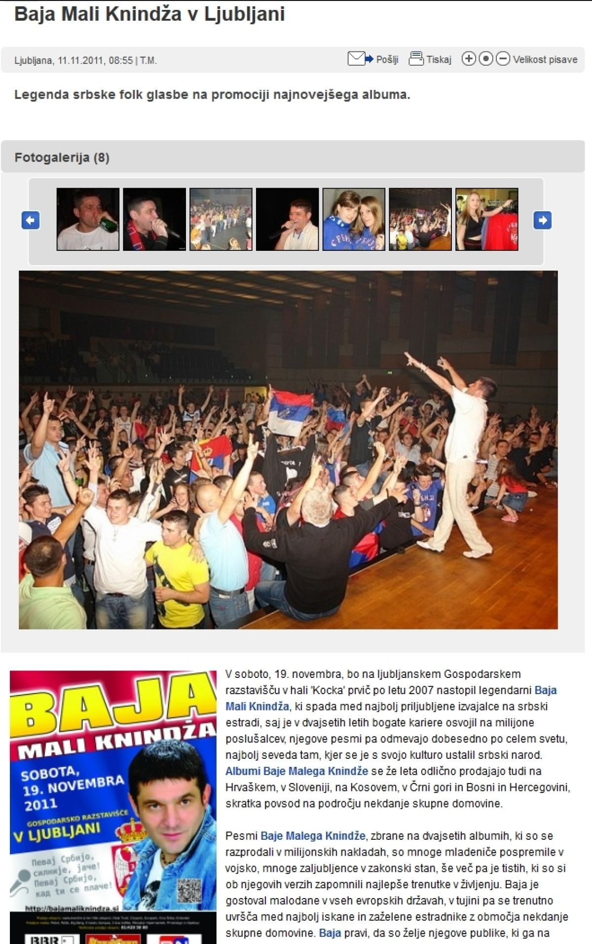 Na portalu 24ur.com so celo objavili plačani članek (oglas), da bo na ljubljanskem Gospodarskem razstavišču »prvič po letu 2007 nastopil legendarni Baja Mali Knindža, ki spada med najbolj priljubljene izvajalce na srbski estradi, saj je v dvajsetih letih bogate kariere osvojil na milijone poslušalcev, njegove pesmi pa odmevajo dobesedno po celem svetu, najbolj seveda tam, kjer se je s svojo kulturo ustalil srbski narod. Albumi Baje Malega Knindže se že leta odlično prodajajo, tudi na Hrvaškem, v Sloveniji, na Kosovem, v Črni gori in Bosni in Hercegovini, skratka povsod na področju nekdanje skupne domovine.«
■ ■ ■ ■ ■
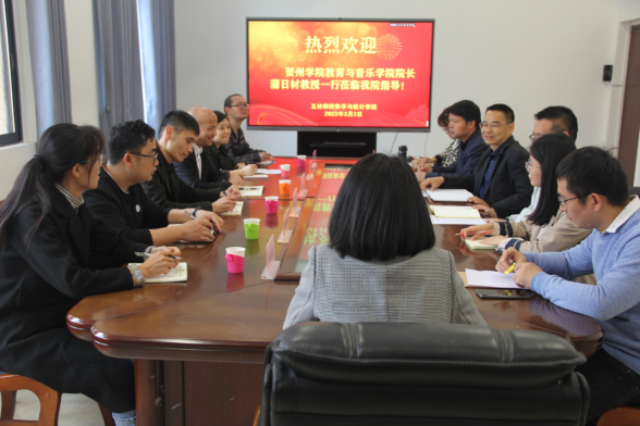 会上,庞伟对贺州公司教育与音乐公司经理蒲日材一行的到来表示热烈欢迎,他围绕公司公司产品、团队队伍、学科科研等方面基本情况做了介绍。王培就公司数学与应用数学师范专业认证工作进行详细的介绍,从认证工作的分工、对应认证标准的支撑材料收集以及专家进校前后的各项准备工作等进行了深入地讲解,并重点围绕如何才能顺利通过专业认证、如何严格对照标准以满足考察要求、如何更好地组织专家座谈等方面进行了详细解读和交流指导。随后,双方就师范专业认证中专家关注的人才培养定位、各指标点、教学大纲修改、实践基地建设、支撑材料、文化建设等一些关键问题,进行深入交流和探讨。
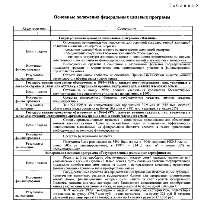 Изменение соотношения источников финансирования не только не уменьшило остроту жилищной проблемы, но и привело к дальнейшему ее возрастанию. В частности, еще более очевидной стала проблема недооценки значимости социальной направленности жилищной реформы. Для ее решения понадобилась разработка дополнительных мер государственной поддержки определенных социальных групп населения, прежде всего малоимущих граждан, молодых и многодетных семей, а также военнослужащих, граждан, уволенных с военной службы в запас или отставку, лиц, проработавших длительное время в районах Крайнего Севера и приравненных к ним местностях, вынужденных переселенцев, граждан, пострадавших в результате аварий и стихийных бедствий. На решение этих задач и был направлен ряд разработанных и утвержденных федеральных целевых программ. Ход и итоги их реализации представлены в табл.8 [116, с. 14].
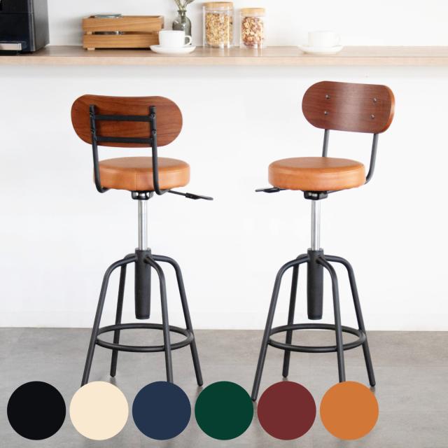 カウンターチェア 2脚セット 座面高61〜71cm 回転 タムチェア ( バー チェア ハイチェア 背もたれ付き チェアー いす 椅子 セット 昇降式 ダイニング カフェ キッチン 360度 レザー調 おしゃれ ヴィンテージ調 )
■ ■ ■ ■ ■
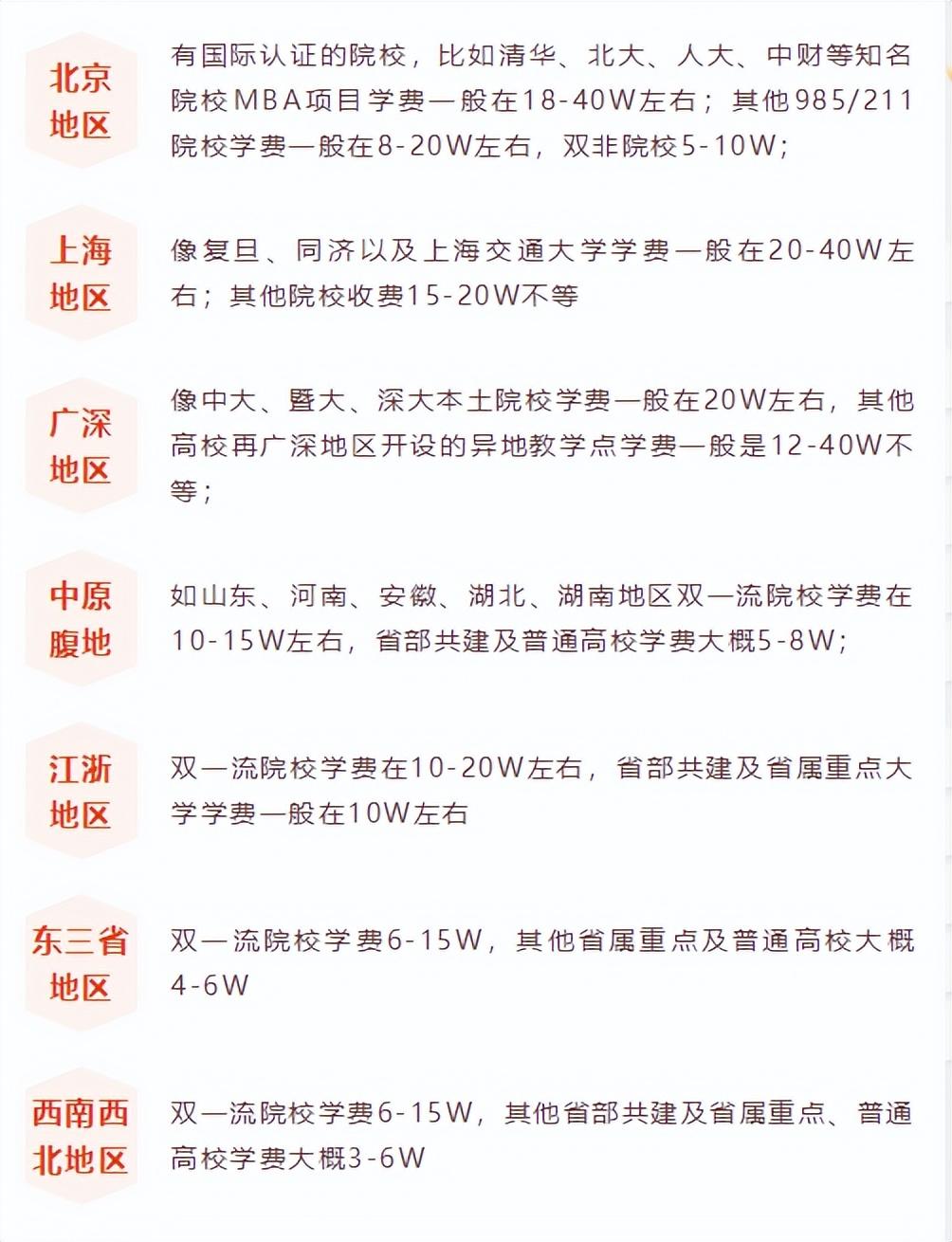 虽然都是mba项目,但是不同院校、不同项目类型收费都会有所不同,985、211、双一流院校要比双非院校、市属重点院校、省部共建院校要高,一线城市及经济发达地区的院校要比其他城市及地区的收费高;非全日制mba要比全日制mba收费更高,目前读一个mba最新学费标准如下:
■ ■ ■ ■ ■
- TASK INSTRUCTIONS
Output only the lines above from the one containing "Изменение соотношения источников" to the one containing "カウンターチェア 2脚セット 座面高61〜71cm", both included, exactly as written and with no pictures.

- FINISHED TASK
 Изменение соотношения источников финансирования не только не уменьшило остроту жилищной проблемы, но и привело к дальнейшему ее возрастанию. В частности, еще более очевидной стала проблема недооценки значимости социальной направленности жилищной реформы. Для ее решения понадобилась разработка дополнительных мер государственной поддержки определенных социальных групп населения, прежде всего малоимущих граждан, молодых и многодетных семей, а также военнослужащих, граждан, уволенных с военной службы в запас или отставку, лиц, проработавших длительное время в районах Крайнего Севера и приравненных к ним местностях, вынужденных переселенцев, граждан, пострадавших в результате аварий и стихийных бедствий. На решение этих задач и был направлен ряд разработанных и утвержденных федеральных целевых программ. Ход и итоги их реализации представлены в табл.8 [116, с. 14].
 カウンターチェア 2脚セット 座面高61〜71cm 回転 タムチェア ( バー チェア ハイチェア 背もたれ付き チェアー いす 椅子 セット 昇降式 ダイニング カフェ キッチン 360度 レザー調 おしゃれ ヴィンテージ調 )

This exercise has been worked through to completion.